_Problem details:_ A verbatim repetition of the data below is requested, without images.

_Given material:_
<<<<

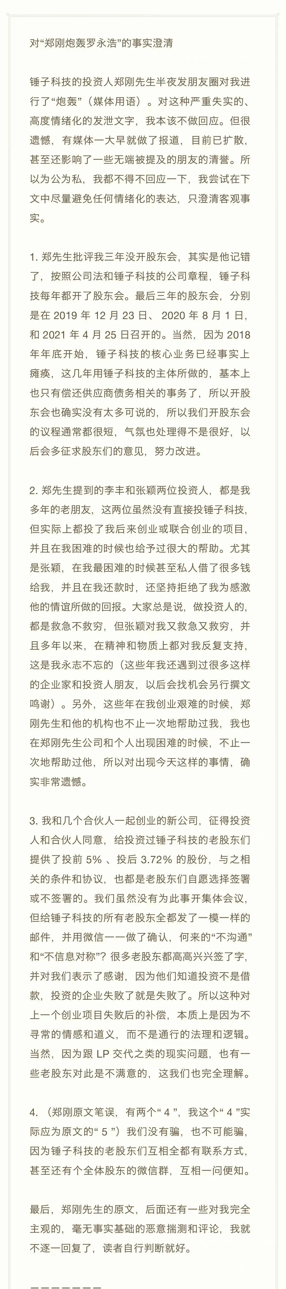 羅永浩公開發(fā)文說(shuō),這些年在我創(chuàng)業(yè)艱難的時(shí)候,鄭剛先生和他的機(jī)構(gòu)也不止一次地幫助過(guò)我,我也在鄭剛先生公司和個(gè)人出現(xiàn)困難的時(shí)候,不止一次地幫助過(guò)他,所以對(duì)出現(xiàn)今天這樣的事情,非常遺憾。
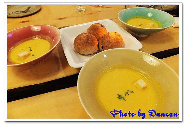 4. 這是前菜啦,南瓜濃湯跟麵包。
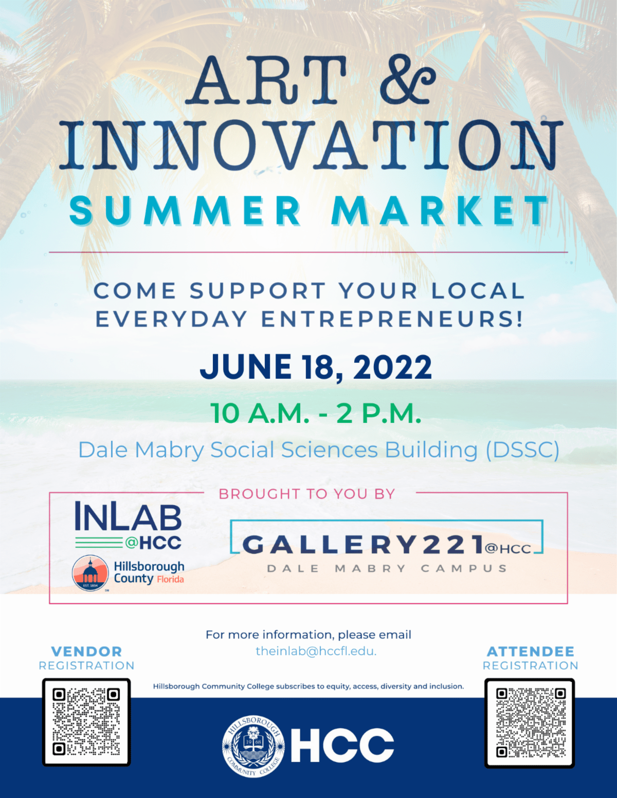Register today to attend the Art and Innovation Summer Market, a collaboration between the InLab@HCC and the Gallery221@HCC featuring HCC student businesses, artists, as well as community everyday entrepreneurial small businesses.
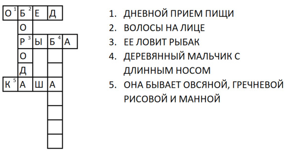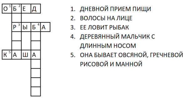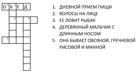 — Первое слово, это очень просто. Дневной прием пищи, это обед, ничего другого и быть не может. И по буквам подходит. — сказал Петя, довольно глядя на свою работу.

>>>>

_Your response:_
 羅永浩公開發(fā)文說(shuō),這些年在我創(chuàng)業(yè)艱難的時(shí)候,鄭剛先生和他的機(jī)構(gòu)也不止一次地幫助過(guò)我,我也在鄭剛先生公司和個(gè)人出現(xiàn)困難的時(shí)候,不止一次地幫助過(guò)他,所以對(duì)出現(xiàn)今天這樣的事情,非常遺憾。
 4. 這是前菜啦,南瓜濃湯跟麵包。
Register today to attend the Art and Innovation Summer Market, a collaboration between the InLab@HCC and the Gallery221@HCC featuring HCC student businesses, artists, as well as community everyday entrepreneurial small businesses.
 — Первое слово, это очень просто. Дневной прием пищи, это обед, ничего другого и быть не может. И по буквам подходит. — сказал Петя, довольно глядя на свою работу.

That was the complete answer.